REGGIO EMILIA – Sono state le immediate e approfondite indagini svolte dai carabinieri del Nucleo Investigativo del Comando Provinciale e dagli Agenti della Squadra Mobile della Questura di Reggio Emilia, coordinati dalla Procura della Repubblica diretta dal Procuratore Calogero Gaetano Paci, che hanno permesso di risalire, in pochissime ore, all’autore dell’efferato omicidio del giovane 18enne avvenuto la notte del 31 Maggio nella Stazione storica di Piazzale Marconi a Reggio Emilia.

Erano circa le 3,00 di notte, quando un cittadino ha con il numero di emergenza 112 della centrale operativa del Comando Provinciale dei carabinieri di Reggio Emilia segnalando la presenza di un giovane riverso a terra sulla banchina adiacente i binari della stazione ferroviaria. Venivano allertate nell’immediato due pattuglie dei carabinieri della sezione Radiomobile di Corso Cairoli. I militari giunti sul posto trovavano un corpo esanime disteso nei pressi del binario 1 dello scalo ferroviario, THABET Mohamed Ali, un giovane tunisino di anni 18 in Italia senza fissa dimora.
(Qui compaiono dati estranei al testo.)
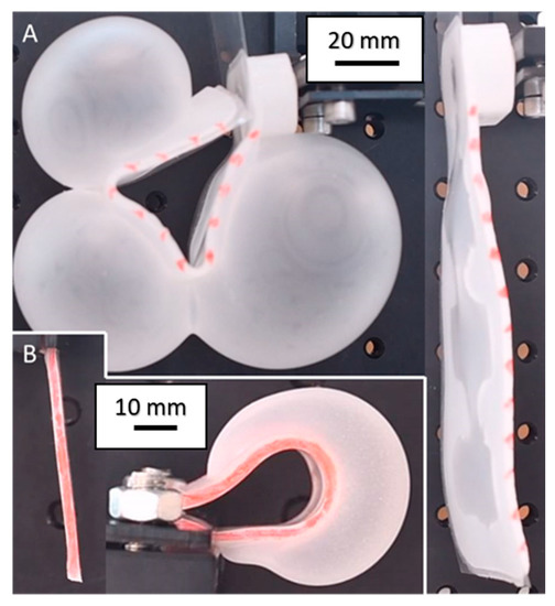 The actuators fabricated using Approach 1 can be seen in Figure 10A, whereas the actuator fabricated using Approach 2 is in Figure 10B. Approach 1 used an exposure level of 1s/mm, and Approach 2 used 1.25 s/mm as these showed the lowest dimension variation, as discussed in Section 3.2. The large actuator was inflated to 16 kPa, whereas the small actuator was inflated to 63 kPa. Neither actuator failed, but plastic deformation in the Ecoflex layer was observed once deflated for both, suggesting that each was approaching failure. It can be seen in Figure 10A that each chamber did not inflate equally. This was a result of the dimensional variation of the bonding approach. The small actuator showed a more even inflation across its single chamber, which further highlights the more uniform bonding of Approach 2. Both actuators were capable of large deformations limited by collision with the clamps in which they were mounted.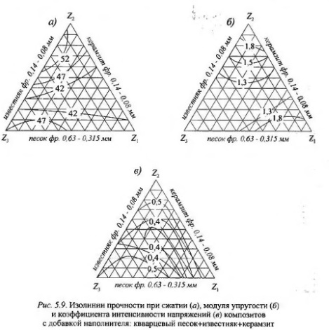 При выполнении исследований в качестве такого наполнителя рассмат ривалась смесь часгиц кварцевого песка, молотого керамзита и известняка. Оптимизационные исследования проводились с помощью математических методов планирования эксперимента. В качестве варьируемых факторов были выбраны типы наполнителей: X1 - кварцевый песок фракции 0,63-0,315 мм; Х2 - керамзит фракции 0,14-0,08 мм и Х3 - известняк фракции 0,14-0,08 мм. Оптимизационными параметрами служили прочность композитов при сжатии, модуль упругости и трещиностойкость, которая оценивалась коэффициентом К, Статистическая обработка результатов эксперимента позволила получить зависимости прочности при сжатии цементных композитов от вида и гранулометрического состава наполнителей. По уравнениям были построены графики в виде линий равных значений прочности, которые представлены на рис. 5.9.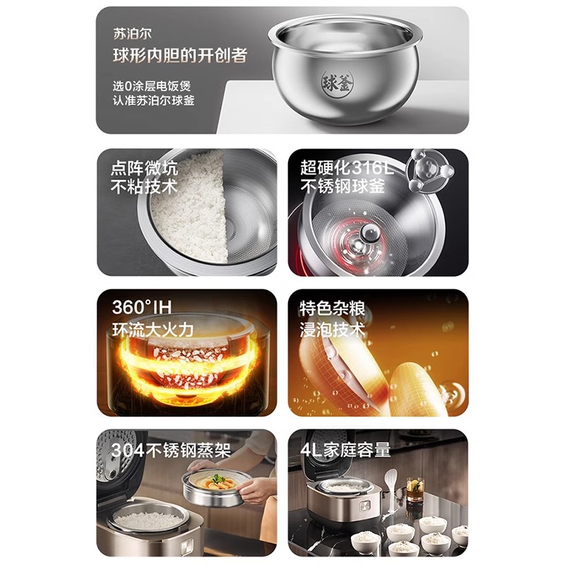 苏泊尔电饭煲家用IH电磁球形釜3到4人多功能正品 煮饭锅电饭锅 新款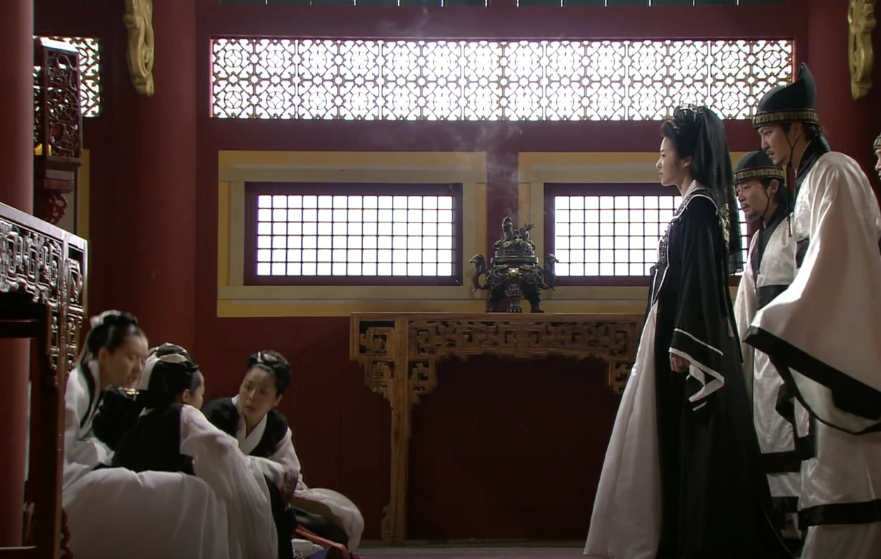 미실은 그대로 굳고 덕만은 손을 빼 그대로 미실을 지나쳐 간다. 이것은 미실이 결국 못 넘는 그 하나이다. 두 숙적의 운명을 가른 하나. 어린애가 당돌하게도 무엄을 가르치는데도 미실은 화가 난 게 아니라 성골이라는 두 글자에 속이 문드러질 뿐이다.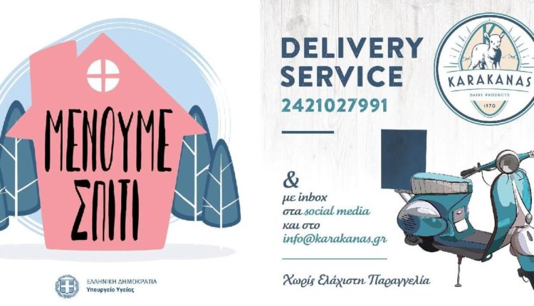 Τα δύο καταστήματα (Πολυμέρη 15 και Γ. Δήμου 41) στον Βόλο όπως και το τυροκομείο έχουν ενεργοποιήσει την υπηρεσία παράδοσης στο σπίτι χωρίς ελάχιστη παραγγελία και κατόπιν συνεννόησης σε ώρες καταστημάτων με κοινό αριθμό τηλεφωνικών παραγγελιών.

Sul posto venivano identificati altri 3 giovani ragazzi, dai quali venivano prese le prime informazioni, gli stessi dichiaravano di aver assistito all’evento che aveva causato la morte del giovane. Raccontavano ai carabinieri che un ragazzo extracomunitario che non conoscevano, dopo un litigio con la giovane vittima, aveva estratto un coltello sferrando un fendente tra il collo e la clavicola del lato destro del corpo del giovane determinandone la morte e successivamente dandosi alla fuga.

Da qui l’immediata caccia all’assassino, da parte dei carabinieri del Nucleo Investigativo congiuntamente ai colleghi della Squadra Mobile coordinati dal Pubblico Ministero Dottoressa Giulia Galfano. Le approfondite indagini condotte insieme dalle componenti investigative di Carabinieri e Polizia di Stato, sono proseguite con l’immediata acquisizione e visualizzazione delle riprese video del sistema di videosorveglianza posto nei pressi della Stazione Ferroviaria, luogo dell’efferato omicidio.
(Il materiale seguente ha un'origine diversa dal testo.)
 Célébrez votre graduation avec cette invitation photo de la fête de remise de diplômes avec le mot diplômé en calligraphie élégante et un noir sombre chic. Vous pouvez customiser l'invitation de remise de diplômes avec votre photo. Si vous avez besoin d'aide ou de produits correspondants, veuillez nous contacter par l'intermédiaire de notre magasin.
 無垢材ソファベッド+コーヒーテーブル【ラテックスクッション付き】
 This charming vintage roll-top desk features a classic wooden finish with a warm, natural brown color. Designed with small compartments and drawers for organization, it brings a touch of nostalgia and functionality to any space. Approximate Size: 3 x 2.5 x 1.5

Gli investigatori tramite i filmati estrapolati dalle telecamere di videosorveglianza ed attraverso i frame dei video sono riusciti a risalire al volto dell’omicida, identificato in un 23 enne tunisino senza fissa dimora, gravato da numerosi precedenti di polizia e gravitante tra il reggiano e il modenese.
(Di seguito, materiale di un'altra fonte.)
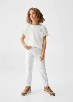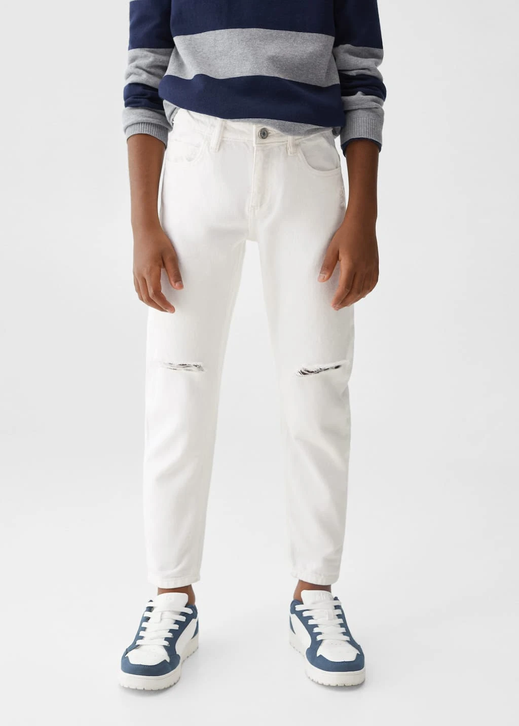 100 % coton, coupe droite, taille normale, dechirures decoratives, cinq poches, fermeture eclair avec boutonComposition: 100% coton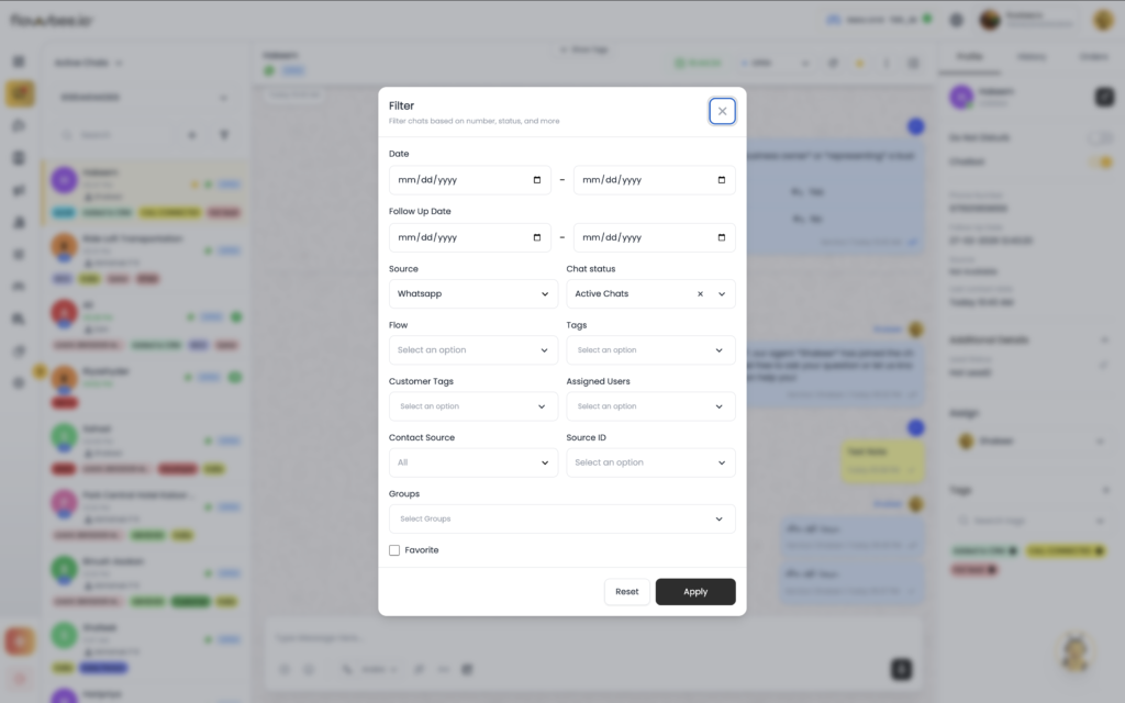 Filter chats using tags to quickly identify specific groups such as new leads, follow-ups, or closed conversations. This helps in better organization and targeted actions.

Alla luce dei gravi indizi di colpevolezza raccolti a suo carico la Procura della Repubblica ha emesso un fermo di P.G.. Le attività di ricerca dell’omicida sono state avviate a poche ore dal delitto e condotte da una task force di investigazione congiunta di Carabinieri e Polizia di Stato che sta progressivamente stringendo il cerchio attorno al fuggiasco.